TASK STATEMENT
The word "that" may appear in lines of the data; say how many such lines there are, with nothing beyond the number.

===== EXTRACTED INFORMATION

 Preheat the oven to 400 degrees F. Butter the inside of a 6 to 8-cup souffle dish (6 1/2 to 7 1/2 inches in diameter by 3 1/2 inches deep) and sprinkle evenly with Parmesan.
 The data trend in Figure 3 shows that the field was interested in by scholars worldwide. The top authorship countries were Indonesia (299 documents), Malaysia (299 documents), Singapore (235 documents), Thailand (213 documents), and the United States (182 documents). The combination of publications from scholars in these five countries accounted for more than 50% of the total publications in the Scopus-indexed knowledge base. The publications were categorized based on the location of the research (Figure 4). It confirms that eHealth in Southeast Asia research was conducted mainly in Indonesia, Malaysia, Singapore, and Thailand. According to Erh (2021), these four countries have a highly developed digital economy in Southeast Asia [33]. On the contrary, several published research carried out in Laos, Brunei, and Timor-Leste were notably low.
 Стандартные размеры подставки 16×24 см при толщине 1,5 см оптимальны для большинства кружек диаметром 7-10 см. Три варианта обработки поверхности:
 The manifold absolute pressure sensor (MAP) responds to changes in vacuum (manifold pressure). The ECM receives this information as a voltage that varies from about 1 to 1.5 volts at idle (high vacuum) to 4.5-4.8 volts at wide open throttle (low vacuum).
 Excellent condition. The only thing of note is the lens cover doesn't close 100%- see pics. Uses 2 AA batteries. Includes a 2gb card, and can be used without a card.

==========
===== EXTRACTED INFORMATION

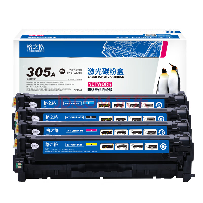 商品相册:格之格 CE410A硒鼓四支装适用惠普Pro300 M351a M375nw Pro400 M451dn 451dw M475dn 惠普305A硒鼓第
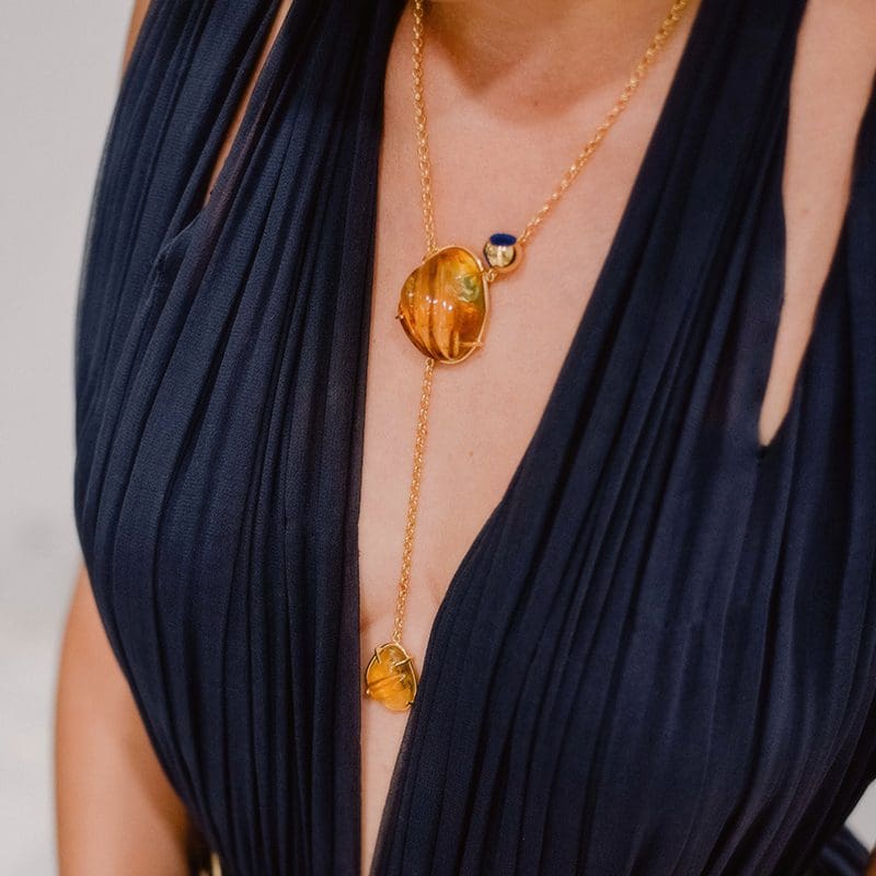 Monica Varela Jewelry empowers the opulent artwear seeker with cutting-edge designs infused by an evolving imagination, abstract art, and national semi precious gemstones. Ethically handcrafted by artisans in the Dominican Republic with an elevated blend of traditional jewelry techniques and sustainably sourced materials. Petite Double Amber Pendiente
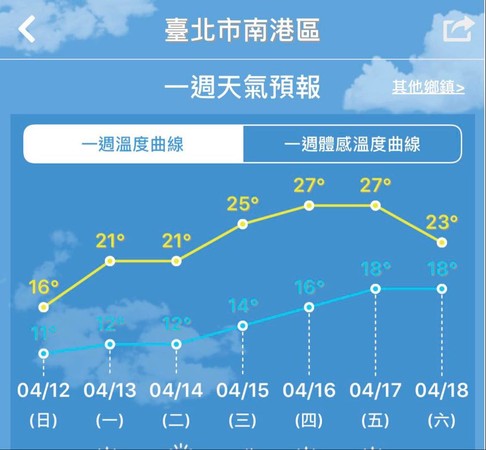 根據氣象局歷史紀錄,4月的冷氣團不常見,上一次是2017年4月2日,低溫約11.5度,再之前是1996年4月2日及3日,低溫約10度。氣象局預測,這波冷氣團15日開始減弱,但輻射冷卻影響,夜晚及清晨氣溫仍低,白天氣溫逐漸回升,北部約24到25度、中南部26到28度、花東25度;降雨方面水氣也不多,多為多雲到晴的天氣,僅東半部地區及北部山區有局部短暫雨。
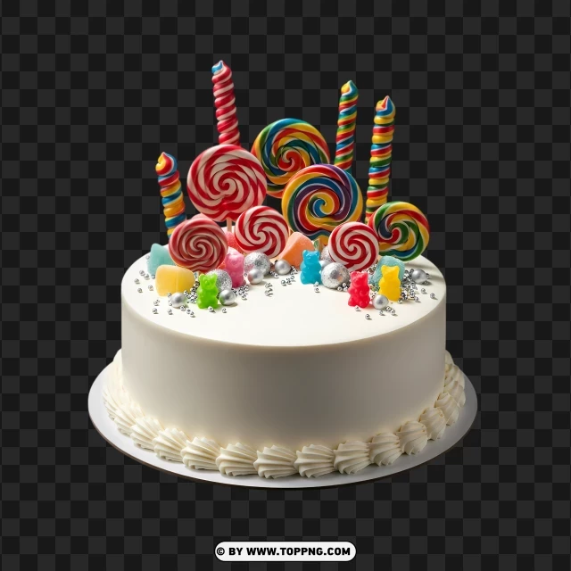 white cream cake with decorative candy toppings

==========

EXERCISE OUTPUT
2